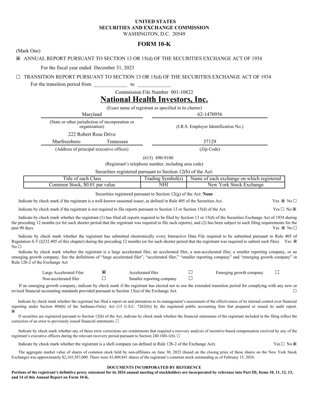 UNITED STATES SECURITIES AND EXCHANGE COMMISSION WASHINGTON, D.C. 20549 FORM 10-K (Mark One) ☒ ANNUAL REPORT PURSUANT TO SECTION 13 OR 15(d) OF THE SECURITIES EXCHANGE ACT OF 1934 For the fiscal year ended December 31, 2023 ☐ TRANSITION REPORT PURSUANT TO SECTION 13 OR 15(d) OF THE SECURITIES EXCHANGE ACT OF 1934 For the transition period from _____________ to _____________ Commission File Number 001-10822 National Health Investors, Inc. (Exact name of registrant as specified in its charter) Maryland 62-1470956 (State or other jurisdiction of incorporation or organization) (I.R.S. Employer Identification No.) 222 Robert Rose Drive Murfreesboro Tennessee 37129 (Address of principal executive offices) (Zip Code) (615) 890-9100 (Registrant’s telephone number, including area code) Securities registered pursuant to Section 12(b) of the Act: Title of each Class Trading Symbol(s) Name of each exchange on which registered Common Stock, $0.01 par value NHI New York Stock Exchange Securities registered pursuant to Section 12(g) of the Act: None Indicate by check mark if the registrant is a well-known seasoned issuer, as defined in Rule 405 of the Securities Act. Yes ☒ No ☐ Indicate by check mark if the registrant is not required to file reports pursuant to Section 13 or Section 15(d) of the Act. Yes ☐ No ☒ Indicate by check mark whether the registrant (1) has filed all reports required to be filed by Section 13 or 15(d) of the Securities Exchange Act of 1934 during the preceding 12 months (or for such shorter period that the registrant was required to file such reports), and (2) has been subject to such filing requirements for the past 90 days. Yes ☒ No ☐ Indicate by check mark whether the registrant has submitted electronically every Interactive Data File required to be submitted pursuant to Rule 405 of Regulation S-T (§232.405 of this chapter) during the preceding 12 months (or for such shorter period that the registrant was required to submit such files) Yes ☒ No ☐ Indicate by check mark whether the registrant is a large accelerated filer, an accelerated filer, a non-accelerated filer, a smaller reporting company, or an emerging growth company. See the definitions of “large accelerated filer”, “accelerated filer,” “smaller reporting company” and “emerging growth company” in Rule 12b-2 of the Exchange Act Large Accelerated Filer ☒ Accelerated filer ☐ Emerging growth company ☐ Non-accelerated filer ☐ Smaller reporting company ☐ If an emerging growth company, indicate by check mark if the registrant has elected not to use the extended transition period for complying with any new or revised financial accounting standards provided pursuant to Section 13(a) of the Exchange Act. ☐ Indicate by check mark whether the registrant has filed a report on and attestation to its management’s assessment of the effectiveness of its internal control over financial reporting under Section 404(b) of the Sarbanes-Oxley Act (15 U.S.C. 7262(b)) by the registered public accounting firm that prepared or issued its audit report. ☒ If securities are registered pursuant to Section 12(b) of the Act, indicate by check mark whether the financial statements of the registrant included in the filing reflect the correction of an error to previously issued financial statements. ☐ Indicate by check mark whether any of those error corrections are restatements that required a recovery analysis of incentive-based compensation received by any of the registrant’s executive officers during the relevant recovery period pursuant to Section 240.10D-1(b). ☐ Indicate by check mark whether the registrant is a shell company (as defined in Rule 12b-2 of the Exchange Act). Yes ☐ No ☒ The aggregate market value of shares of common stock held by non-affiliates on June 30, 2023 (based on the closing price of these shares on the New York Stock Exchange) was approximately $2,165,587,000. There were 43,409,841 shares of the registrant’s common stock outstanding as of February 15, 2024. DOCUMENTS INCORPORATED BY REFERENCE Portions of the registrant’s definitive proxy statement for its 2024 annual meeting of stockholders are incorporated by reference into Part III, Items 10, 11, 12, 13, and 14 of this Annual Report on Form 10-K.
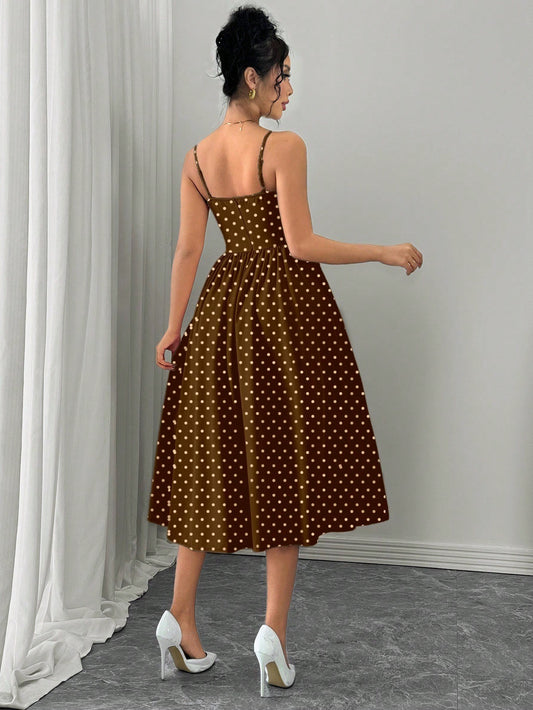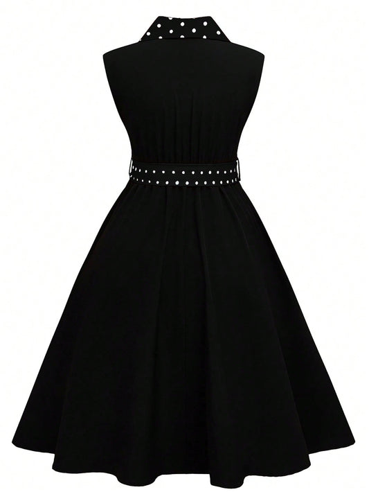 Plus Size Polka Dot Print Belted Sleeveless Dress
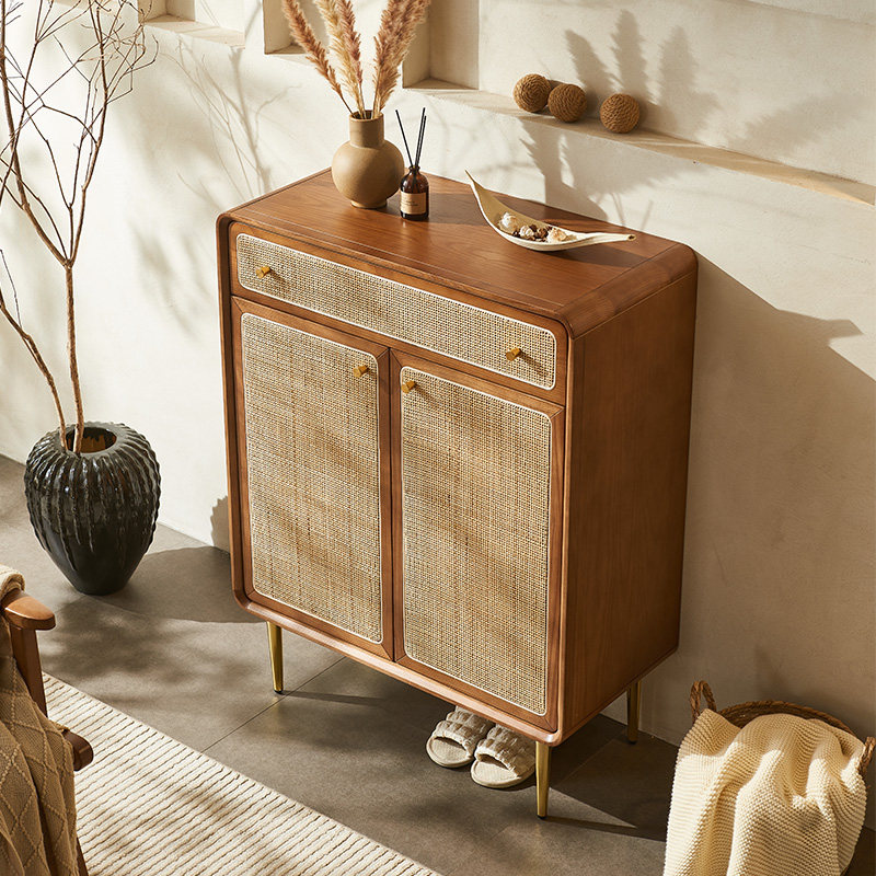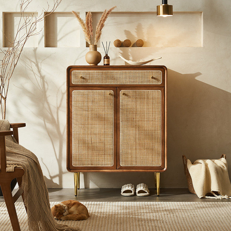 藤编大师实木鞋 简约分层隔板收纳柜子 柜玄关入户家用门口藤艺时尚
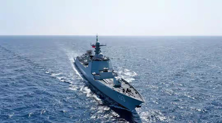 一艘052DL革新型导弹收场舰,满载排水量7500吨,配备130毫米单管主炮、64格通用垂直放射系统——这等于“包头舰”,舷号133。

-*-

PROMPT: Please copy exactly, and only, the lines from the one that contains "藤编大师实木鞋 简约分层隔板收纳柜子 柜玄关入户家用门口藤艺时尚" through the last line of the data above, omitting all pictures.

WRITTEN REPLY:
 藤编大师实木鞋 简约分层隔板收纳柜子 柜玄关入户家用门口藤艺时尚
 一艘052DL革新型导弹收场舰,满载排水量7500吨,配备130毫米单管主炮、64格通用垂直放射系统——这等于“包头舰”,舷号133。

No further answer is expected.